Second, and more seriously, it cuts across medium-term needs: we undertake spending because it is required for recognised durable reasons, and we levy taxes as part of a framework within which businesses and people can plan. If we vary from this programme, we both undercut these needs and we also make it hard to adhere to the long-term plan.

For example, if spending is increased it is hard to reverse this decision for political reasons; tax cuts are equally hard to undo. When the time comes to reverse the action, people object and politicians come under pressure.

In the context of Plan A, it would be all too easy for no progress to be made at all if cuts to programmes were not made systematically according to a steady programme. Imagine if they were put off now, only to be “implemented” suddenly “when the recession was over”; one can easily see why any Treasury would worry that they would never take place at all.

Where’s the credit?

So, if fiscal policy cannot rescue the economy, what should we do?

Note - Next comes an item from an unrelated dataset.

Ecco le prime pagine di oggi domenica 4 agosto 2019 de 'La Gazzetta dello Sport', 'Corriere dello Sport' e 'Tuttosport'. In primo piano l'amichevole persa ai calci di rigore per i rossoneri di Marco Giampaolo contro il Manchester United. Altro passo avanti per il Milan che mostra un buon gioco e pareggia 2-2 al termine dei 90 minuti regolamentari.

It is widely argued by advocates of stimulus spending that monetary policy cannot be effective at “the zero bound” (where interest rates are virtually zero, as they are now) because rates cannot be cut any further. This is not the case.

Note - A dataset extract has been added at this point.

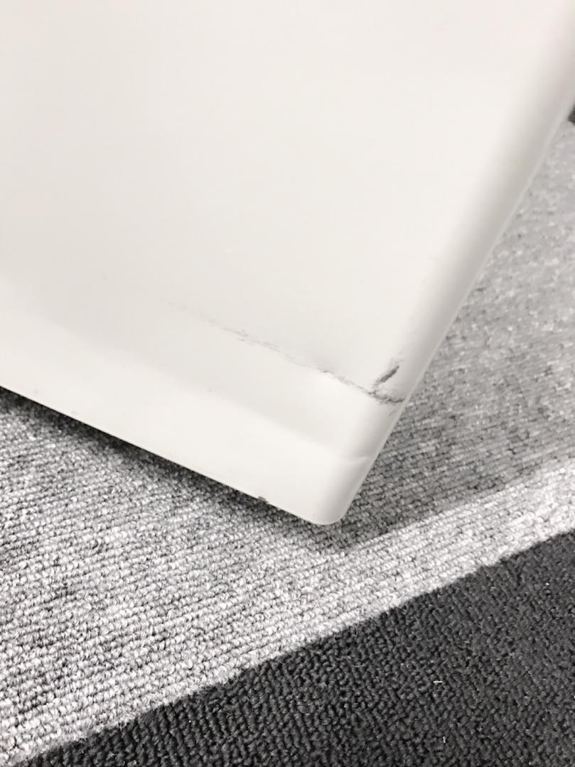 - 目立つ箇所あり傷・凹みが多数、深い傷・凹みが一部ある。(例、天板、正面、背後、サイド部分にある。)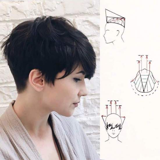 Существует определенная схема стрижки и соответствующая техника выполнения. Основным отличием является небрежность, креативная пикси не должна быть четкой, но при этом присутствуют нотки строгости.

What we now know is that while official interest rates paid on government paper are indeed exceedingly low, interest rates and associated charges for private credit are as high as ever. In fact the complaint of small businesses is that they can barely get credit at all.

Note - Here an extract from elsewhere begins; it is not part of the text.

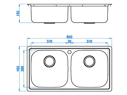 型號:635Y款式:雙盆安裝方式:嵌入式總尺寸:850*465 mm雙盆:370*385*195 mm

To combat this, the Bank of England has opted for “Quantitative Easing” (QE) to increase money supply and bank credit. In principle, increasing the supply of bank reserves ought to have an effect in increasing bank credit and deposits via the usual “money multiplier” (the ratio of total money supply to currency plus bank reserves).

However, QE has been a huge disappointment in this respect: as reserves have been injected, so regulation of “risky credit” by the banks has been greatly intensified, and the money multiplier has collapsed. The latest round of international banking regulations, known as Basel III, means banks now have to keep a higher ratio of capital to risk-weighted assets. Following the Vickers Report, the UK has actually strengthened regulation beyond the Basel requirements, asking for higher capital ratios, and a ringfencing of investment and consumer banking. This happened at just the time when QE has been deployed; the one has neutralised the other and the banks have not expanded credit.

In the UK, a variety of new schemes have attempted to resolve the clash: so far funding for Lending Schemes 1 and 2, giving banks further incentives to lend to small businesses, and now also the mortgage guarantee scheme.

But these attempts to loosen regulation by the back door are not enough; we must entirely rethink banking regulation and overall monetary policy.

Personally I would emphasise a return to more traditional monetary policy, targeting both inflation and money supply. Then banking regulation could be returned to a more general microeconomic aim of preventing outright bad practice. Current regulations mean marginal capital-raising needs are discouraging banks from lending to small and medium enterprises. With different regulations, we would already see QE having its intended effect.

It remains the case that, if we could remove these distortions, monetary policy is the fastest and most effective way to combat the business cycle. We should not undermine the process of getting our public accounts back into order through poorly founded demands for increased spending.